The engineer directed us to put the ground rod at the service point and i didn't see anywhere in the code where it gave a footage away from a building when you needed to install a supplemental ground rod. Wouldn't the engineer/architect be the authority having jurisdiction if there is no local inspector.


----------



## McClary’s Electrical (Feb 21, 2009)

Any detached structure fed with a feeder needs a grounding electrode. No exceptions


----------



## McClary’s Electrical (Feb 21, 2009)

gplayer_24 said:


> The engineer directed us to put the ground rod at the service point and i didn't see anywhere in the code where it gave a footage away from a building when you needed to install a supplemental ground rod. Wouldn't the engineer/architect be the authority having jurisdiction if there is no local inspector.


Youre not allowed to use the building EGC as GEC


----------



## gplayer_24 (Dec 29, 2010)

the grounding electrode conductor is bonded at the service disconnect and is carried into the main panel inside where it is bonded with the building steel and water pipe. i don't agree with the supplemental rod since we are already carrying the the ground to the building from the service disconnect. wouldn't that give you to different potentials to ground. If say the meter and disconnect was only 10 feet from the building would you have to put a rod at the meter and disconnect and one next to the building? just don't understand where does the distance away from the building take affect. Can't find a distance in the code.


----------



## Shockdoc (Mar 4, 2010)

gplayer_24 said:


> the grounding electrode conductor is bonded at the service disconnect and is carried into the main panel inside where it is bonded with the building steel and water pipe. i don't agree with the supplemental rod since we are already carrying the the ground to the building from the service disconnect. wouldn't that give you to different potentials to ground. If say the meter and disconnect was only 10 feet from the building would you have to put a rod at the meter and disconnect and one next to the building? just don't understand where does the distance away from the building take affect. Can't find a distance in the code.

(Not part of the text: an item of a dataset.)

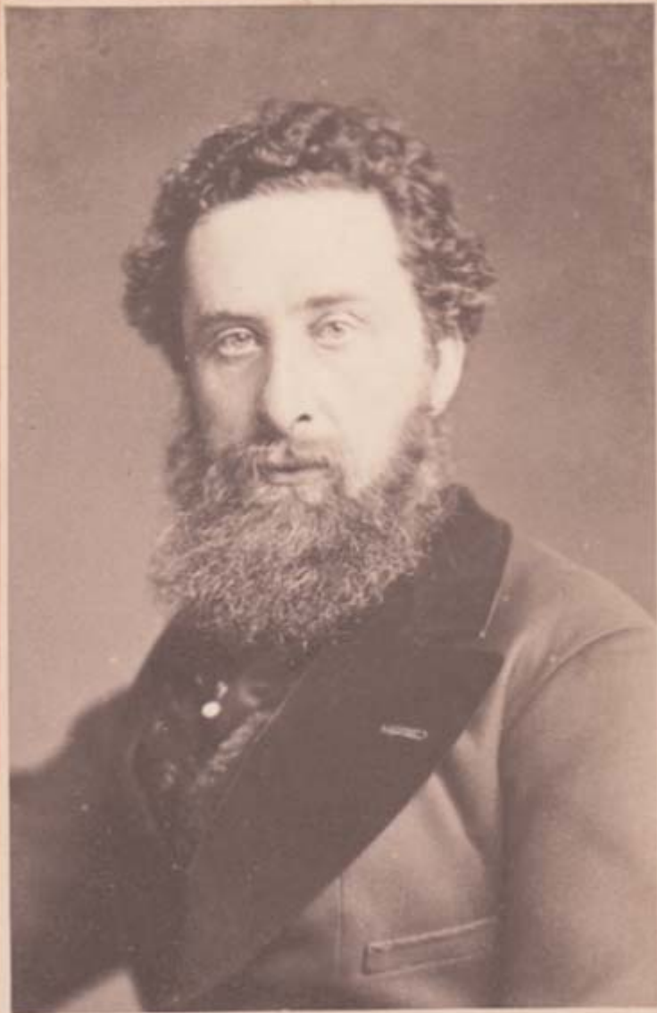
LORD LYTTON GOVERNOR GENERAL OF INDIA

nes de Europa y Oriente, muchas de ellas en forma oral. Barret tomó como base de sus prácticas las instrucciones y manuscritos del Abate Tritemio y Cornelio Agripa. Antes de morir formó un selecto grupo de discípulos o Aprendices de Magos en Londres, para estudiar, ampliar y preservar esta tradición. Entre ellos se encontraba Sir Edward Bulwer Lytton y un muy reducido número de discípulos -al día de hoy desconocidos. A la muerte de Barret, Bulwer Lytton continuó con la agrupación en Londres y a ésta agrupación se conectó el Abate Alphonse Louis Constant de Francia, mejor conocido como Eliphas Levi Zahed (1810-1875).

Lightning strikes the building, where will the current travel to ? Your first solid link to ground is 75' away at the service. Consider your building a detached building since your service is remote.


----------



## icefalkon (Dec 16, 2007)

As everyone else here sufficiently said...lol...

Your building is definitely considered a remote building and it does require it's own ground rod in addition to the one for the meter. 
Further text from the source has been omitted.